Study 1: Bioavailability in terms of AUC after IV administration was equivalent for HPβCD-diclofenac compared with Voltarol and after IM administration of HPβCD-diclofenac and Voltarol. Bioavailability in terms of AUC after IM administration of HPβCD-diclofenac was equivalent to IV administration of HPβCD-diclofenac and IV administration of Voltarol. Study 2: HPβCD-diclofenac showed dose proportionality after single- and multiple-dose administration and no accumulation of HPβCD-diclofenac. HPβCD-diclofenac was safe and well tolerated following IV and IM administration.
评估羟丙基-β-环糊精(HPβCD)-双氯芬酸单次和多次给药的药代动力学(PK)和剂量比例性,与静脉(IV)和肌肉内(IM)给予的扶他林相比。
研究 1:单剂量随机四交叉研究。研究 2:多剂量随机三交叉研究。
临床研究中心。
健康成年志愿者。
研究 1:受试者接受 HPβCD-双氯芬酸和扶他林,IV 和 IM,每个治疗期之间有 5 天的洗脱期。研究 2:受试者每 6 小时接受两次 IV HPβCD-双氯芬酸和口服 Cataflam,共 4 次,每个治疗期之间有 48 小时的洗脱期。
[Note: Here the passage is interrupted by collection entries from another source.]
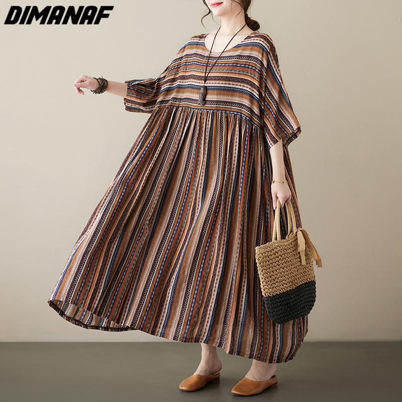 DIMANAF Женское платье больших размеров 2023, новое летнее стильное свободное платье, базовые синие платья в полоску, большие размеры one size коричневый
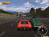 というわけだが,実際あまり気にする必要はないだろう。ブリーフィングがさっぱりわからなくても,ミッションに入ればやるべきことはすぐにわかるのだ。なにしろプレイヤーのやることはクルマの運転。それだけなのだ。「GTA3」のように車を降りる場面はなく,当然そこらへんの一般ピープルをカツアゲする必要はないしバズーカ砲もない。行くべき方向は画面上部のでっかい矢印が指し示してくれるし,右上の数字がどんどん減ったら「なるほどこれはタイムアタックなのだな」ということがわかる。もともとプレイステーション用のゲームであるだけに,ユーザーインタフェースは迷いようがないくらい親切だ。
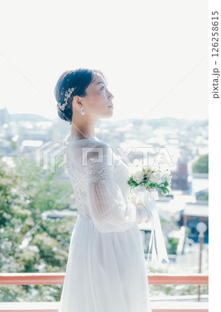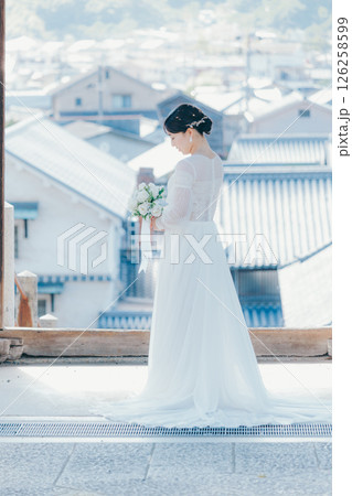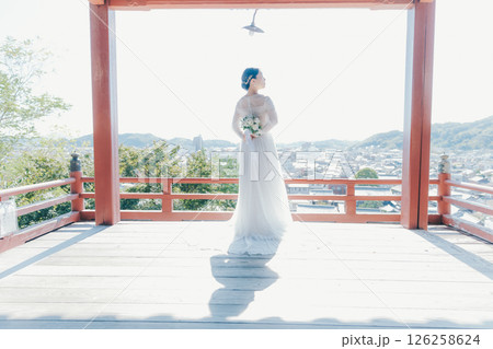 高台の神社から町並みを望むウェディングドレス姿の女性のポートレート
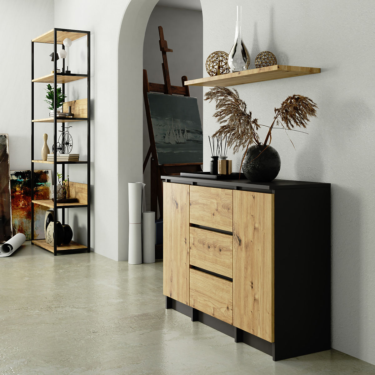 Kommode mit 3 Schubladen und 2 Türen, Graphit Grau/Eiche Artisan. .. mehr
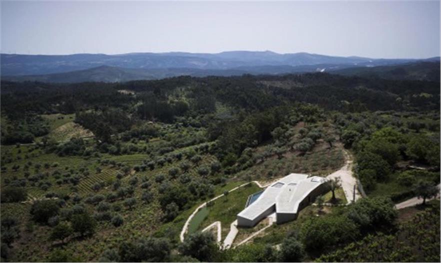 葡萄牙境內(nèi)的最高點(diǎn)埃什特雷拉山脈的南端,有一個(gè)美麗的小村莊 -Gateira。這里群山環(huán)繞,松林遍布,葡萄園和橄欖樹園穿插其中,美不勝收。房子的主人是一對(duì)來(lái)自英國(guó)的夫婦。他們希望這里成為他們的第二個(gè)家,讓他們偶爾能遠(yuǎn)離倫敦的繁忙喧囂,獲得自由和安寧。項(xiàng)目面臨的第一個(gè)問(wèn)題就是如何在如此壯麗的景色中取得自然、農(nóng)業(yè)和傳統(tǒng)建筑三者間的平衡。來(lái)自 Camarim的建筑師意圖最大化的保留場(chǎng)地的原生環(huán)境,建筑則以謙遜的姿態(tài)進(jìn)入。建筑的入口設(shè)置在場(chǎng)地的最高處,墻面用極具當(dāng)?shù)靥厣陌鍘r砌成,進(jìn)入建筑后沿臺(tái)階下行,便可來(lái)到建筑的主體部分-雙層公共活動(dòng)空間。主體空間沿著地形起伏和延伸,巧妙地將私密空間從公共空間中分離出來(lái),每一個(gè)房間都在不同的水平面上并與外界直接相連。建筑在環(huán)境中渾然天成,仿佛是自然的一部分。
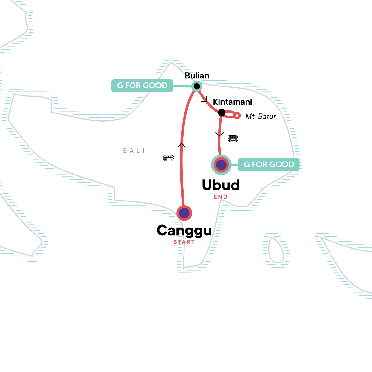 Learn to surf on the iconic beaches of Canggu, Stay with local families in Bulian Village and help make traditional Balinese offerings, Pedal through rice fields and cool off in secret waterfalls, Camp in Kintamani and summit Mount Batur for an unforgettable sunrise, Connect with Bali’s culture over home-cooked meals and village life
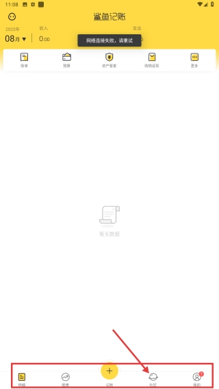 1、打开鲨鱼记账应用,点击底部对应图标,进入推荐页,探索内容发布功能。
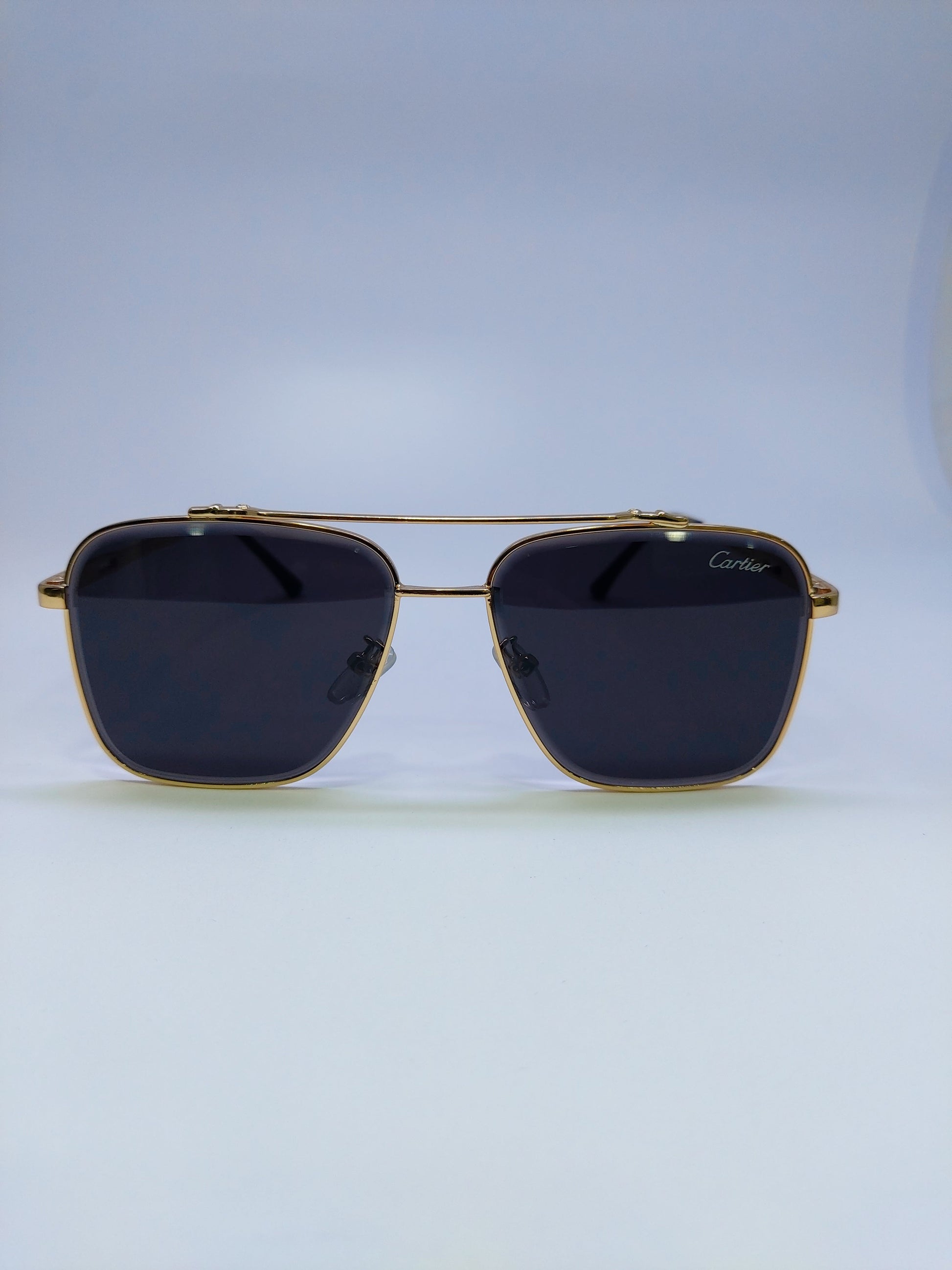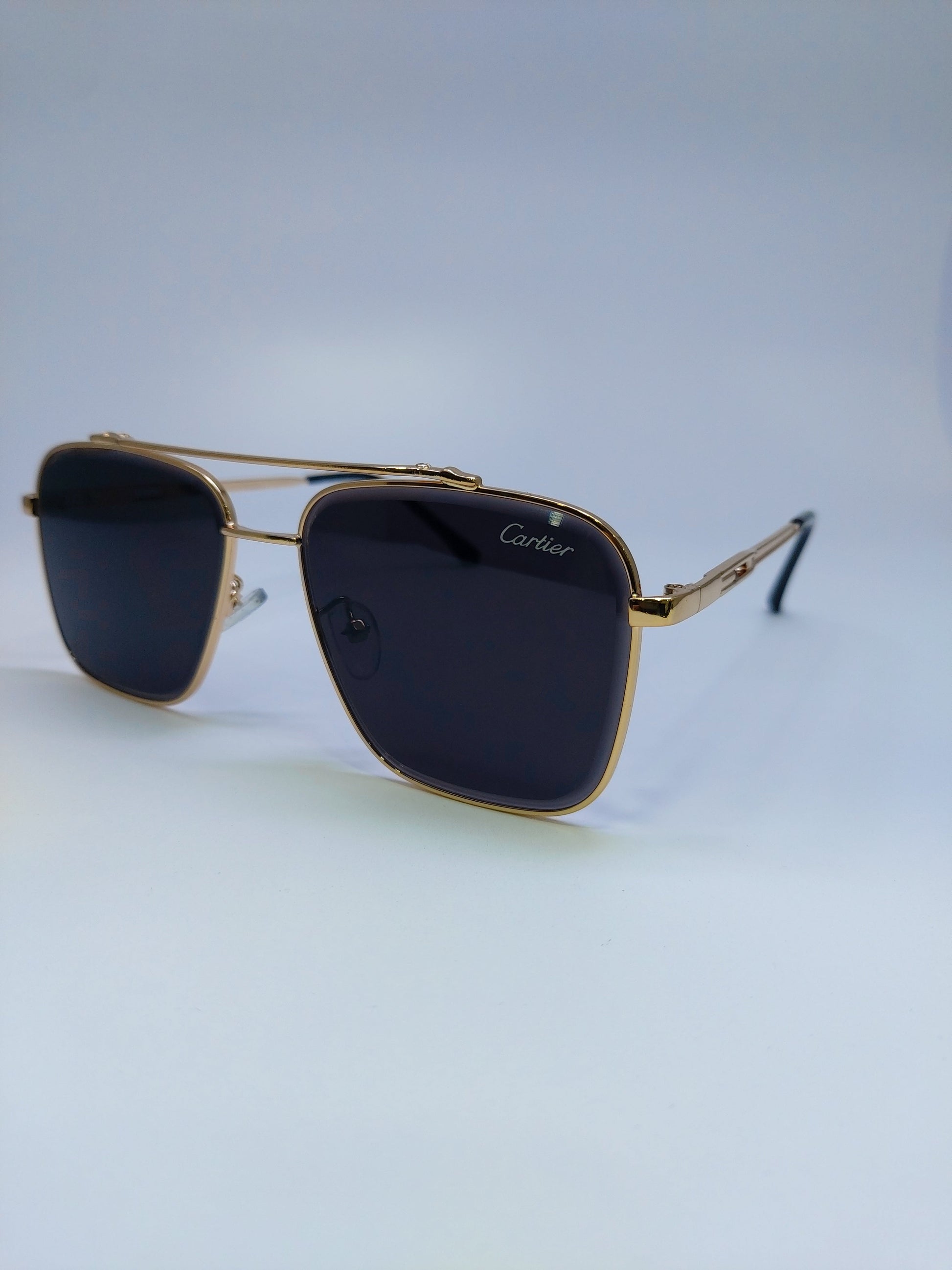 These Cartier sunglasses feature a sleek black and gold design with a metal frame. The perfect accessory for any stylish and sophisticated look. With high-quality craftsmanship and timeless style, these sunglasses are a must-have for any fashion-forward individual.
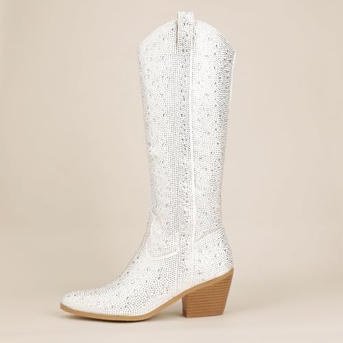 IDIFU IN3 Rhinestone Cowboy Boots For Women Knee High Western Cowgirl Boots Pointed Toe Block Chunky Heels Sparkly Glitter Long Tall Dress Booties Party Bling Shiny Boots
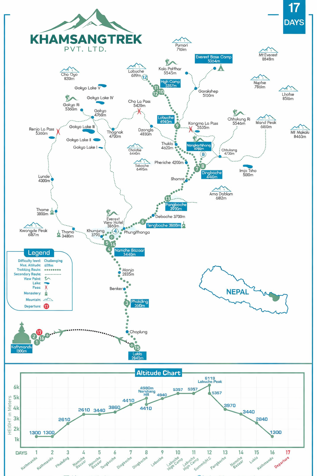 Breathtaking Himalayan Views: Enjoy scenic beauty with Lobuche Peak (6,119 m) standing tall in front of Mt. Everest. 17-Day Perfect Itinerary: A well-crafted program from...

研究 1:IV HPβCD-双氯芬酸具有更高的峰血浆浓度(Cmax)和更早达到最大血浆浓度的时间(Tmax),但与 IV 扶他林的血浆暴露(从时间零到 t 的曲线下面积[AUC0-t])相当。AUC0-t 的 HPβCD-双氯芬酸(IV)与扶他林(IV)的几何均数比值为 106.27%。AUC0-t 的 HPβCD-双氯芬酸(IM)与扶他林(IM)的几何均数比值为 110.91%。AUC0-t 的 HPβCD-双氯芬酸(IV)与 HPβCD-双氯芬酸(IM)的几何均数比值为 101.25%。AUC0-t 的 HPβCD-双氯芬酸(IM)与扶他林(IV)的几何均数比值为 104.96%。研究 2:首次给予 18.75 和 37.5mg HPβCD-双氯芬酸的 IV 剂量后,双氯芬酸的 Cmax 分别为 2904 和 6031ng/ml,第四次剂量后分别为 3090 和 5617ng/ml,表明无蓄积。18.75mg(866ng·小时/ml)和 37.5mg(1843ng·小时/ml)IV HPβCD-双氯芬酸的血浆暴露量与口服 Cataflam 50mg(1473ng·小时/ml)相当。
研究 1:IV 给予 HPβCD-双氯芬酸的 AUC 生物利用度与扶他林相当,IM 给予 HPβCD-双氯芬酸和扶他林的 AUC 生物利用度也相当。IM 给予 HPβCD-双氯芬酸的 AUC 生物利用度与 IV 给予 HPβCD-双氯芬酸和 IV 给予扶他林相当。研究 2:单次和多次给药后,HPβCD-双氯芬酸显示出剂量比例性,且无 HPβCD-双氯芬酸蓄积。IV 和 IM 给予 HPβCD-双氯芬酸均安全且耐受良好。